To guarantee higher availability and better performances, S3 has for years relied on an eventual consistency model. During the first week of re:invent, AWS announced that S3 now supports strong read-after-write consistency.
One of the key technology aspects of S3 and other large-scale distributed systems has been the eventual consistency model: after a call to an S3 API that stores or modifies data, there has been a small time window where the data has been durably stored, but not yet visible to all GET requests. Since the launch fourteen years ago, eventual consistency has been seen as a trade-off on S3 required by a distributed development.
Source: https://aws.amazon.com/blogs/aws/amazon-s3-update-strong-read-after-write-consistency
Jeff Barr, chief evangelist at AWS, describes on the AWS blog the change:
Effective immediately, all S3 GET, PUT, and LIST operations, as well as operations that change object tags, ACLs, or metadata, are now strongly consistent. What you write is what you will read, and the results of a LIST will be an accurate reflection of what's in the bucket. This applies to all existing and new S3 objects, works in all regions, and is available to you at no extra charge! There’s no impact on performance, you can update an object hundreds of times per second if you'd like, and there are no global dependencies.

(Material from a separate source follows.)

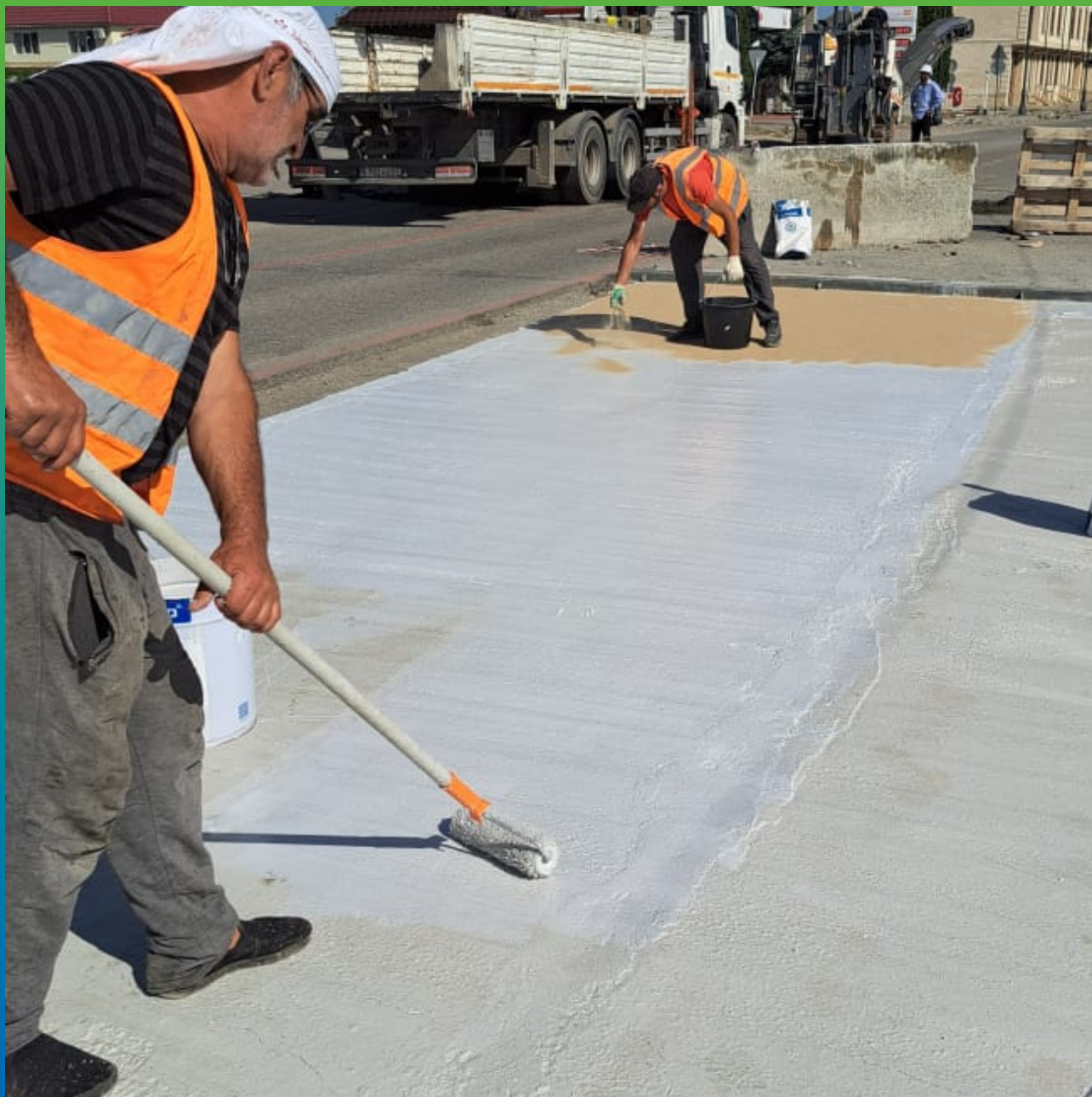
Процесс нанесения третьего слоя гидроизоляции ДенСтол ПУ 228 с параллельной засыпкой ДенСтол Филлером 01

In other services, like DynamoDB, AWS already offered strong read consistency as a not default option and with a price premium. But the strong consistency change for S3 has surprised many developers and triggered interesting debates. Forrest Brazeal, senior manager at A Cloud Guru and AWS Serverless Hero, tweets:
S3 is now strongly consistent. No config changes, no caveats, it just is. This is just an unreal flex by the Greatest Cloud Service of All Time.
He wrote a detailed article to explain why he believes that "S3 is an engineering marvel". Some users have instead questions on the S3 achievement. Colin Percival, computer scientist and FreeBSD security officer emeritus, asks:
Having strong consistency from S3 is awesome, but I don't understand the claim of "no impact to availability". If S3 gets partitioned, it can't keep this improved consistency guarantee without sacrificing availability...
Michael Shapiro agrees:
I'm also confused as to how they claim there's no performance impact. How is there no tradeoff between consistency and latency?
Alex Chan, software developer at the Wellcome Trust, questions the benefits:
A lot of discussion of S3’s strong consistency has marvelled at the technical skill and smarts required to pull this off. Is that why we’re all so impressed (and it’s certainly impressive), or does it also explain some new use cases that I’m missing?
Luc van Donkersgoed, head of AWS technology at Sentia Group, wrote an article to explain how it helps working with data lakes:
In many use cases eventual consistency is fine. Let’s say you store profile pictures for users on social media. When someone updates their image and somebody else views their profile in the same second, it doesn’t matter if the old image is still there. It will be updated the next time they visit. However, S3 is used for data lakes more and more. In these use cases, your S3 buckets might contain reports, analytics data, clickstreams, and many other types of time-sensitive data. With the release of strong read-after-write consistency, these data processing applications are now guaranteed to have the latest data available.
Dropbox, a long term AWS customer, shows in a video how strong consistency on S3 simplified their 34 PB data lake.
At re:invent, AWS announced other improvements and new features for S3 including replication with multiple destination buckets, two-way replication across regions and bucket keys.